Work instructions: Restate the listing below line for line and word for word, without the pictures.

Data section:
>>

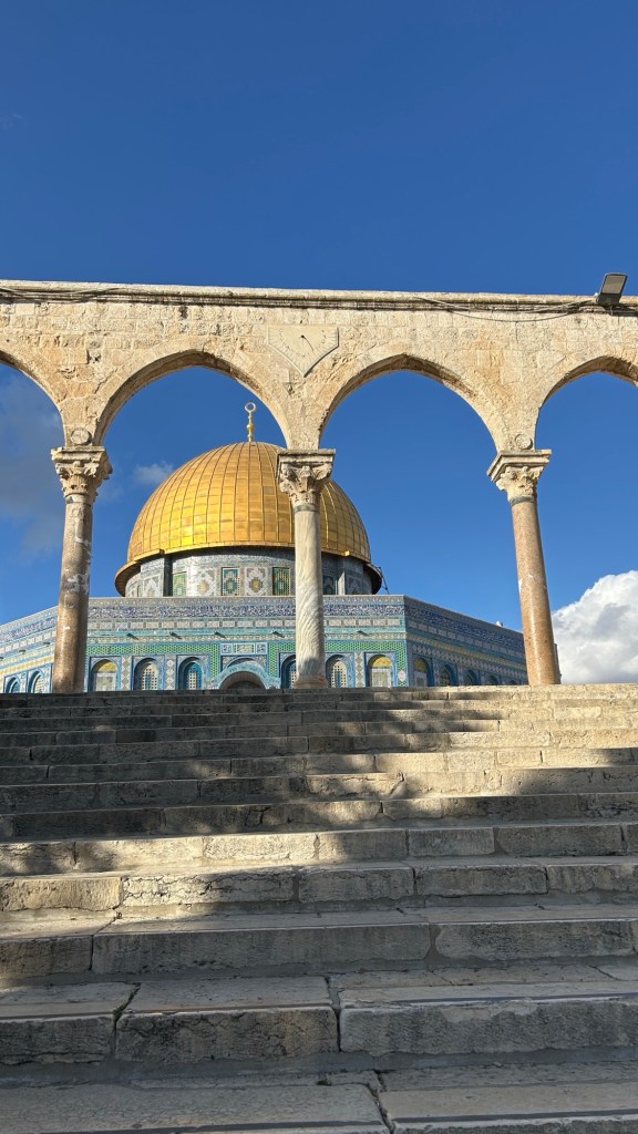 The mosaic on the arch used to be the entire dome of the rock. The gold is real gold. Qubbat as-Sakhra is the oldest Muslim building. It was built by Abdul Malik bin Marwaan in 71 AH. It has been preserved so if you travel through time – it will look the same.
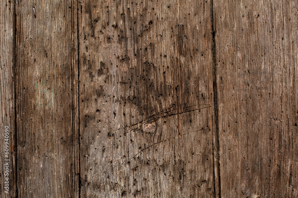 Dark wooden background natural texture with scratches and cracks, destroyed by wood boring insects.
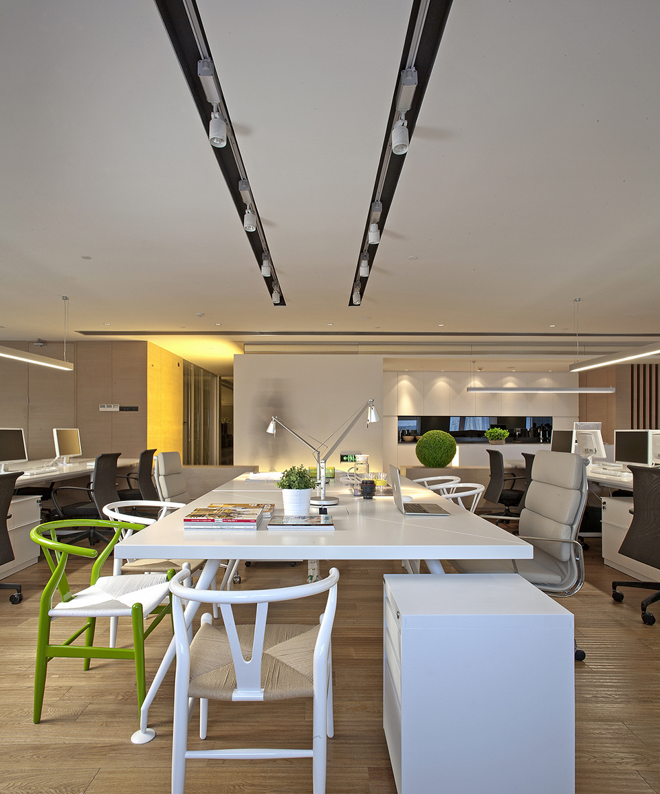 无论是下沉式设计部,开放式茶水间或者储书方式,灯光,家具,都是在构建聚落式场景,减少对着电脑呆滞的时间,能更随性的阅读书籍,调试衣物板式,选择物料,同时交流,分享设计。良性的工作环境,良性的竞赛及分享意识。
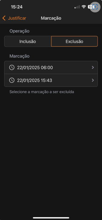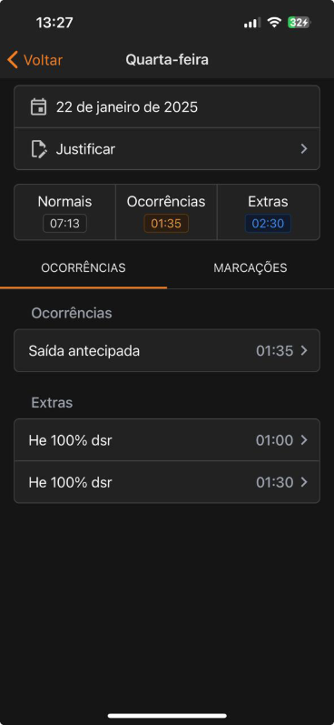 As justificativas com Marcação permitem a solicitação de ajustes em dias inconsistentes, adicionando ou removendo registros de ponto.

<<

Output for this task:
 The mosaic on the arch used to be the entire dome of the rock. The gold is real gold. Qubbat as-Sakhra is the oldest Muslim building. It was built by Abdul Malik bin Marwaan in 71 AH. It has been preserved so if you travel through time – it will look the same.
 Dark wooden background natural texture with scratches and cracks, destroyed by wood boring insects.
 无论是下沉式设计部,开放式茶水间或者储书方式,灯光,家具,都是在构建聚落式场景,减少对着电脑呆滞的时间,能更随性的阅读书籍,调试衣物板式,选择物料,同时交流,分享设计。良性的工作环境,良性的竞赛及分享意识。
 As justificativas com Marcação permitem a solicitação de ajustes em dias inconsistentes, adicionando ou removendo registros de ponto.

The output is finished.